Ti’Maria Alice
Foi assim que sempre tratei a minha sogra que amava como se fosse minha mãe!
Trinta e três anos foram os anos em que tive o privilégio de conviver e
aprender com a Ti’Maria Alice… Sim, porque apesar de ter aprendido nas berças
do meu pai no Carregal de Aquilino Ribeiro a arte de trabalhar a terra, foi com
a Ti’Maria Alice em Cidadelhe que eu reforcei a minha aprendizagem e comecei a
olhar para as coisas da terra e da lavoura com outros olhos e os olhos da
Ti’Maria Alice… Foram os olhos da Ti’Maria Alice que no início de outubro do
último ano deram o 1º sinal de que algo não estava bem com ela em termos de
saúde.
Ao levar a Roleta e a Andorinha para o pasto no Carrascal, ficou sem ver nada
de um dos seus olhos e do outro pouco ficou a ver. Mais ou menos uma semana
depois acabou por ser operada às cataratas de um dos olhos. Tudo estava a
correr bem na sua recuperação em Coimbra, até ao dia em que no último fim de
semana de outubro regressou a Cidadelhe e o famigerado tumor cerebral que
afinal tinha, acabou por despertar e durante os últimos seis meses a massacrou
e debilitou impiedosamente… Guerra é um dos seus apelidos de nome, foi uma
guerreira na luta contra as mazelas e problemas de saúde que foi tendo ao longo
da sua vida, mas nesta altura da sua longa vida de 87 anos acabou por já não
ter forças e não dar luta ao problema grave de saúde que lhe bateu à porta…

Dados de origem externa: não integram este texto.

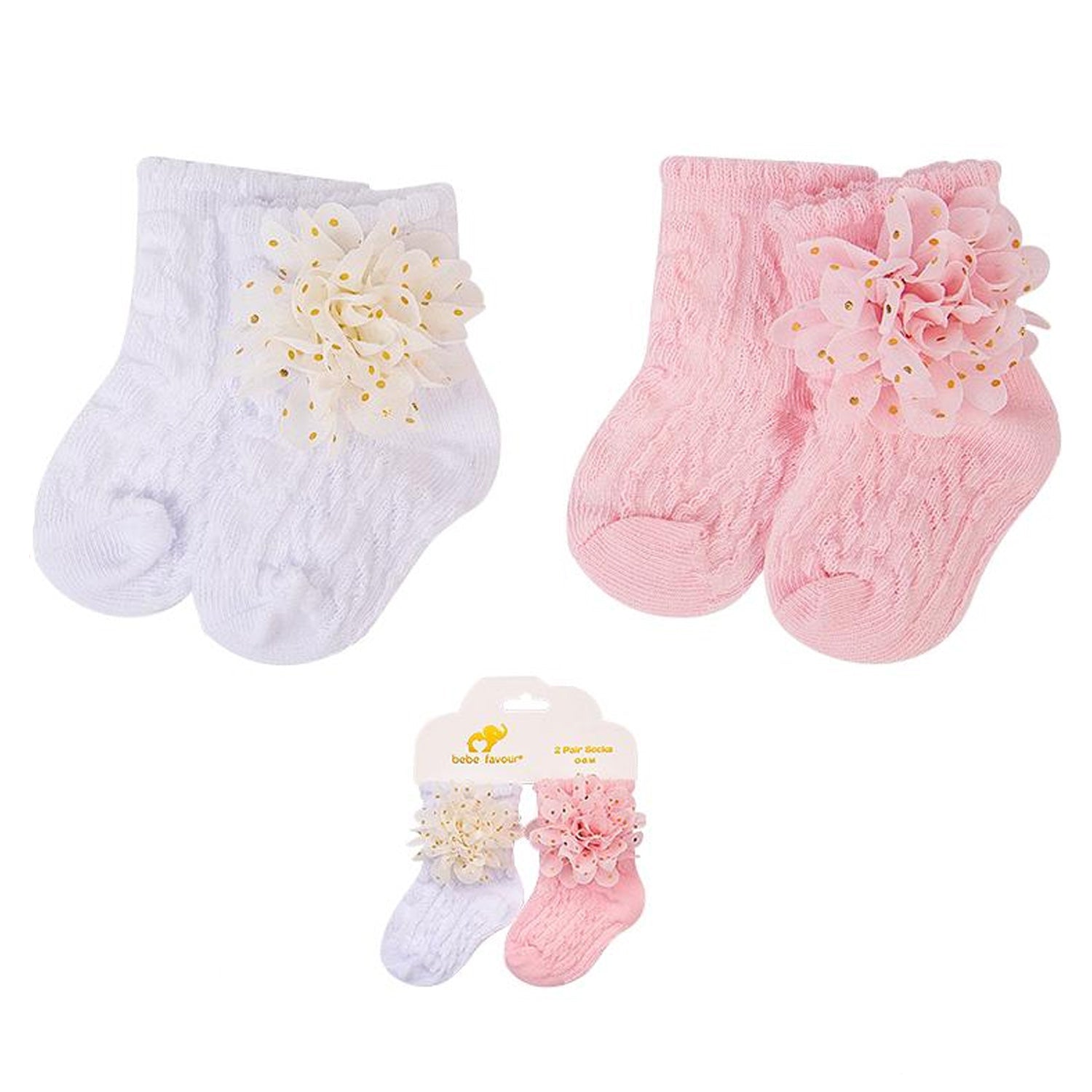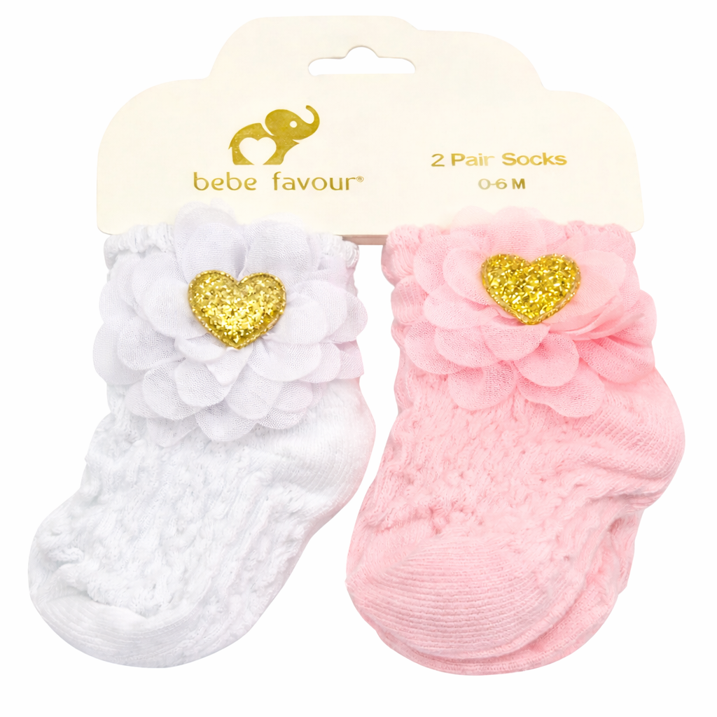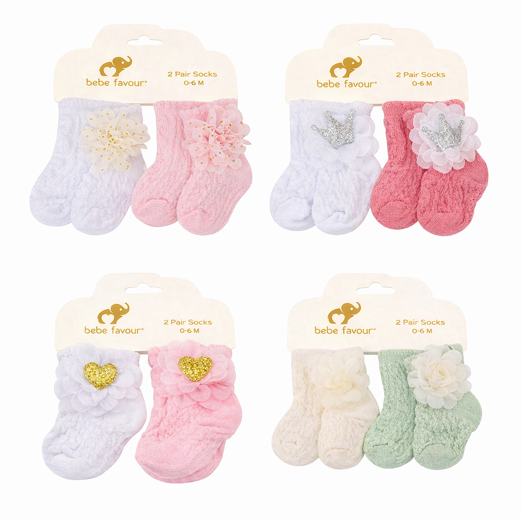 Estas hermosas medias Bebe Favour vienen en set de 2 pares y están diseñadas especialmente para recién nacidos y bebés de 0 a 6 meses.

Durante 50 anos foi “colocada” à prova e ganhou o céu na Terra pela Fátima que
Deus lhe deu! Ser mãe de uma menina deficiente foi a sua maior tarefa na Terra,
que ela amava mais do que tudo e vice-versa. Foram muitos os quadros de amor
puro, verdadeiro e maior que eu tive o privilégio de presenciar e registar para
a vida… A Ti’Maria Alice partiu, mas descansada porque sabe que a sua Fatinha
fica em boas mãos, junto das irmãs que a têm como se sua filha fosse… A sua
outra preocupação era o Ti’Manel, não tivesse sido ele o seu único amor de uma
vida longa de matrimónio, o qual cuidou como sua mulher e cuidadora informal
nos últimos anos e desde que o Ti’Manel começou a ter problemas de saúde nos 90
anos que já conta. Também ele fica em boas mãos, amor e cuidados não lhe vão
faltar.
Nas últimas semanas esteve internada mais uma vez nos
Hospitais da Universidade de Coimbra (HUC), praticamente não abriu os olhos,
numa das visitas com esforço ainda lhe consegui ver uma nesga num dos olhos que
tentou abrir, já não senti o aperto da sua mão e falar foi coisa que deixou de
fazer, exceto na última segunda feira, faz amanhã 8 dias, que depois de lhe
apertar a mão e dizer-lhe que estava ali com ela, apercebi-me que estava a
balbuciar umas palavras, encostei a minha cabeça à sua e ouvi a Ti’Maria Alice
a rezar uma Avé Maria… Foi a última vez que a ouvi falar e será uma das muitas,
mas mesmo muitas recordações boas que vou guardar e ter da nossa Ti’Maria
Alice.
As minhas desculpas pelo texto longo, mas eu teria muito
mais para dizer sobre a nossa Ti’Maria Alice… Eu sei que falo muito como a
minha querida e saudosa mãe Filomena e tenho na escrita mais ou menos formal
uma das formas de partilhar e por vezes desabafar o que me vai na alma, na
cabeça e no coração que hoje está destroçado com a morte da Ti’Maria Alice que
vai a sepultar no dia de Páscoa, dia de festa no céu, na Terra e de “Aleluia,
Aleluia, Jesus Cristo Ressuscitou” e chamou para junto de si a Ti’Maria Alice.
Em nome da família, o nosso bem-haja pela vossa presença
neste último adeus à nossa Ti’Maria Alice e pelas inúmeras mensagens de
condolências que nos foram dirigidas.